I've been experimenting with mapping a zettelkasten system over to my agents with a few goals in mind, not least applying the idea of more 'test time compute' to the storing of memories as a way to add useful structure that can be tapped later during retrieval. (github.com/vessenes/zet - MIT license - no warranties)
There's some good and some bad, but I think it's better than just a raw embedding memory store for agents. It's definitely better for a human in that it's navigable and understandable, while remaining useful for agents.
But, I'd really like to read more about the space and get ideas -- this blog post was just too difficult to parse for me, sadly.
the zet description sounds interesting - test-time compute at storage time especially.
is the repo public somewhere? github.com/vessenes/zet 404s for me.
the author is doing a great job telling what is missing from the current memory frameworks for agents but what is missing in my opinion is also an argument about the necessity or not of these missing components.
thanks for the read.
The reason I asked the question is because in the case we don’t need the rest, it would be better to not use this terminology for these systems. We already anthropomorphize LLMs too much and although I get the marketing value of that, it’s not always to the benefit of the people who interact with them.
Please do write the rest of the posts!
yeah i agree with you on not using the terminology, although it's intuitive it's also confusing enough. it's tempting to do that, but i share your sentiment
Seems like teams are encoding procedural knowledge in skills repositories, and I wonder if there’s additional utility from an auto created procedural memory layer
multimodal models with environmental grounding may eventually have an analog [of affect]. text-only agents can’t.

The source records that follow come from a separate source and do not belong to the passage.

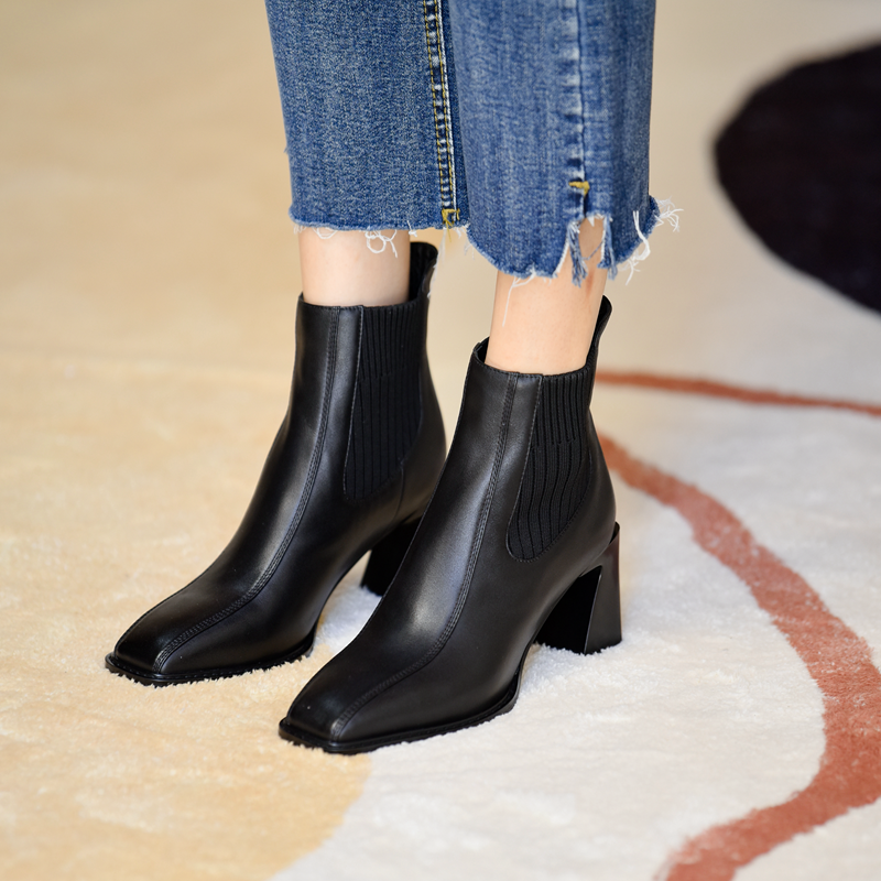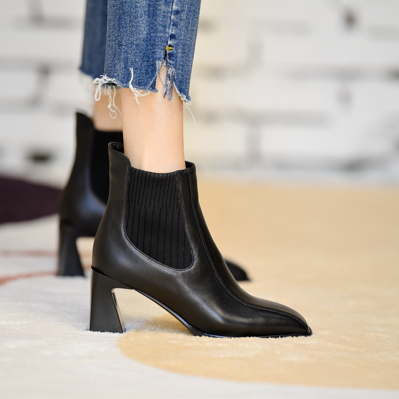 女靴子靴子韩版潮时尚保暖防滑短靴尖头中跟粗跟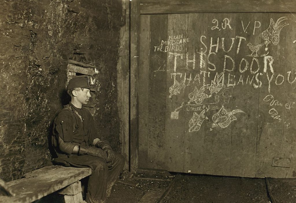 10. 15-летний Вэнс работает на угольной шахте. Его работа состоит в том, чтобы на протяжении 10 часов открывать и закрывать эту дверь.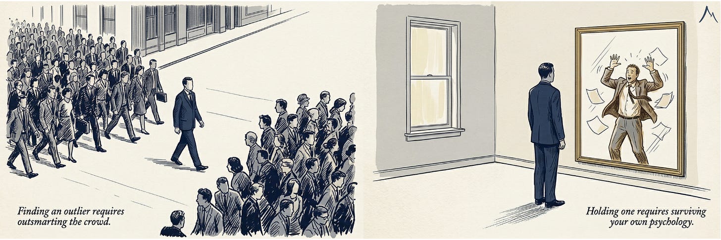 Finding an outlier requires outsmarting the crowd. Holding one requires surviving your own psychology.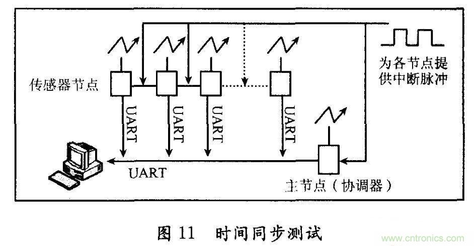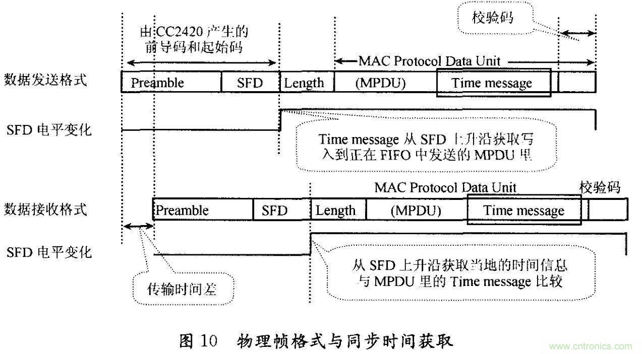 時間同步協議軟件的測試連接圖如圖11所示。主控節點和傳感器節點被連接到一 個公共的有線信號上,這個信號又連接到MSP430的帶計時器捕獲周期性地發送一個包含時間信息的信標幀給從節點來維持網絡同步通信。在協議軟件實現時, 需要對FTSP進行簡化,采用ZigBee星型網絡拓撲結構對時間同步所需的計算資源進行最小化處理。Zig-Bee消息的時間固定點選擇為幀起始限定符 (SFD)。參考圖3中的CC2420射頻收發器與微控製器接口對應管腳的高低電平,圖1O顯示了IEEE802.15.4物理幀格式l和時間信息獲取過 程。主節點無線收發器發送一個信號給控製器,指示SFD字節已被接收或發送。一旦SFD字節被發送,無線收發器驅動SFD管腳,向微處理器提出中斷要求, 並啟動時間捕獲。這樣,微處理器在SFD字節被發送後可立即獲得一個時間點,並將該時間插入到當前的時間同步消息中去。同樣,當接收器接收到SFD,也隨 jichanshengyigebendishijianxinxi,bingbataheshijiantongbuxiaoxiyiqicunchu。weikongzhiqitongguobijiaolianggeshijianxinxi,keyiquedingbendishijianhequanwangshijiandepianyiliang,bingtiaozhengbendishizhongyuzhujiedian (協調器)全局時鍾保持一致。

I'd be curious to hear an explanation about why text can't. Or equivalently, why multimodal could.
> the extractor. the thing that reads conversation transcripts and decides what to keep.
> the most consequential choice an extractor makes is timing. extract eagerly, after every message, and you spend tokens on small talk that goes nowhere. extract lazily, at the end of a session, and the context you needed to resolve a pronoun is already gone.
If the input is coming from a transcript, then either that transcript contains enough context to understand what a particular pronoun refers to, or it doesn't.
If it does, why would waiting until the end of a session be a problem? What am I missing?